INDALO / Bill Binkelman, Wind and Wire

Bill Binkelman, Wind and Wire

Ambient artists Bruno Sanfilipo and Max Corbacho merge their considerable talents for Indalo, a brooding, eerie, powerful excursion into dark ambient soundscapes peppered with occasional ethno-tribal rhythms, filled with primal sensuality, and laced throughout with palpable mystery and ancient ritual. Use of echo drenched in moisture and field environmental recordings of nocturnal creatures lends the recording a distinct mixture of subterranean and deep jungle evocations, a juxtaposition which works amazingly well and is one hundred percent cohesive. The album opens with the 22-minute title track, a long expansive slowly developing piece, filled with deep rumblings, cavern-like sounds that are both animal and mineral in sonic characteristic and higher pitched whistling melodic drones, similar in character to spacemusic. Percussion, of the type normally associated with ethno-tribal ambient, infiltrates at the midpoint of the track, played with energy and passion amidst rising and falling swells of drones and washes, but the beats don’t stick around long, replaced by warm glowing electronic waves and a scattering of environmental sounds.

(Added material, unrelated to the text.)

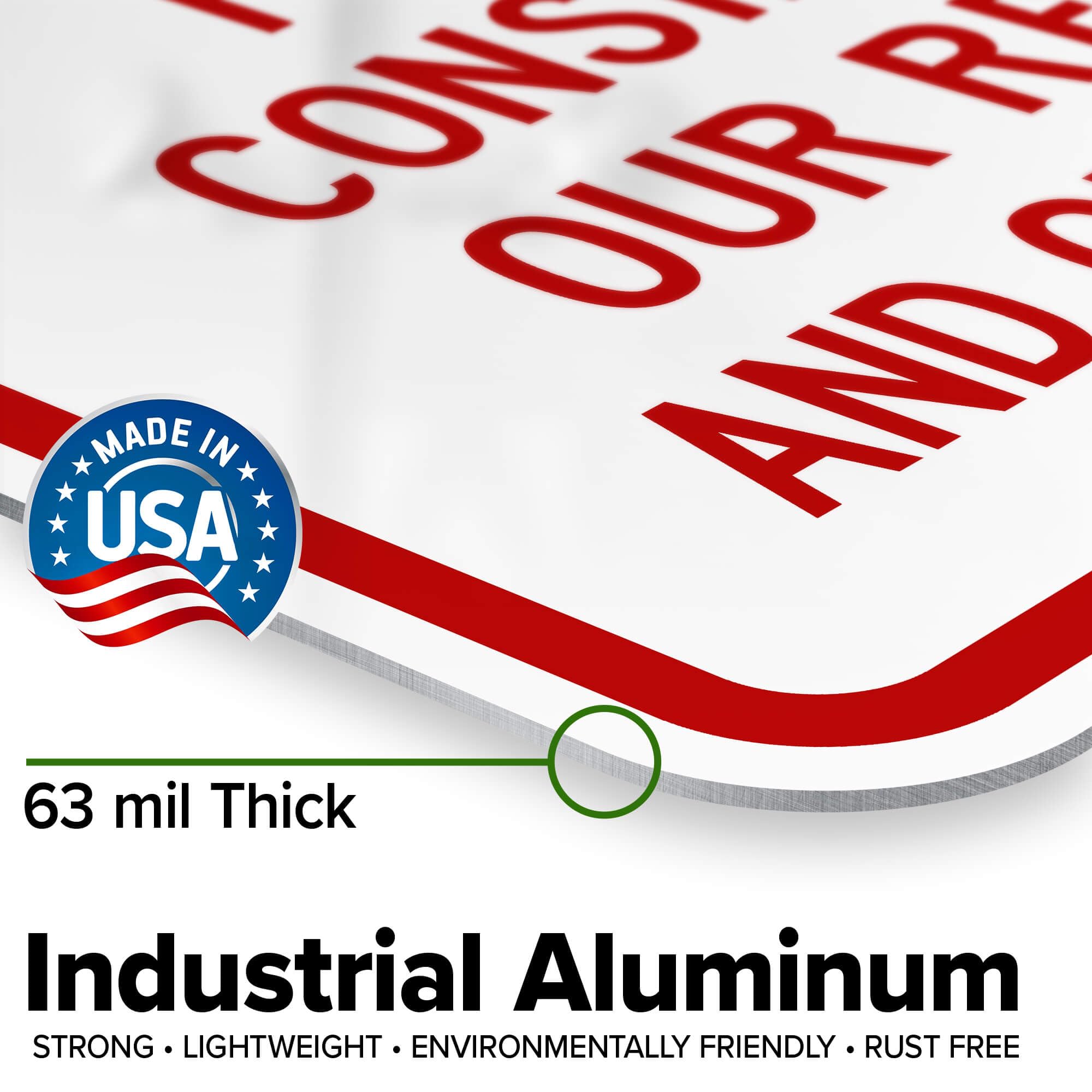 Durable and Long-Lasting Quality - Crafted from premium rust-free aluminum, our signs are built to last for years in both indoor and outdoor environments, maintaining their new look. Proudly made in the USA!

Six other tracks fill the rest of Indalo with everyting from burbbling fluid effects (heard at the start of «The Agave emerges on the dry earth») to spacious vast washes and drones floating over deep but subtle thunder-like rumblings to swirling almost oppressive drones counterpointed by organic-electronic pulses on «Lava Atmospheres» to «Cabo de Gata» which begins somewhat calm and placid with rattles shaken on top of the relatively quiet synths, but building into a dense multiple-layered drone that seems to be everywhere all at once. «A lucid dream of strange landscapes» has an air of desert desolation as the night creatures come forth and the air cools from the overpowering heat of the day and the full moon reveals a landscape carved out of rock and sand and cast in dark illusive shadows.

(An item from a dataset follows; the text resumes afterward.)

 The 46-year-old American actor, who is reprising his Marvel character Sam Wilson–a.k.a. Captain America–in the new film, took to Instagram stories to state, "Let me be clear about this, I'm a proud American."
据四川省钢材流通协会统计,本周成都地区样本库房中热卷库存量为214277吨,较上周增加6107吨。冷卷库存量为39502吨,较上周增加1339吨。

Indalo is not a recording that can be completely appreciated if played in the background where some of this album will come across only as so much drones and synths. The astute listener will either listen to this on excellent speakers in a dark quiet room or at least use headphones to fully absorb the subtle complexity of the mix. Indalo is highly charged with atmosphere and mood, so the more you can immerse yourself in the sounds from this CD, the more seductive you will find the recording to be. At times, the mood of the CD is actually peaceful (such as the majority of the closing track «Signs of former experiences»), albeit not syrupy sweet or ethereal, but rooted in the lack of noticeable tension in many places.

This CD is an easy recommendation to fans of this subgenre (darker drone ambient music) unless the person is so averse to some tribal elements (which are few and far between) that even a hint of their presence would ruin the experience for them. While the CD can be a tad monochromatic at times, as long as you don’t expect it to startle you or invigorate you, you’ll be thoroughly satisfied with this album.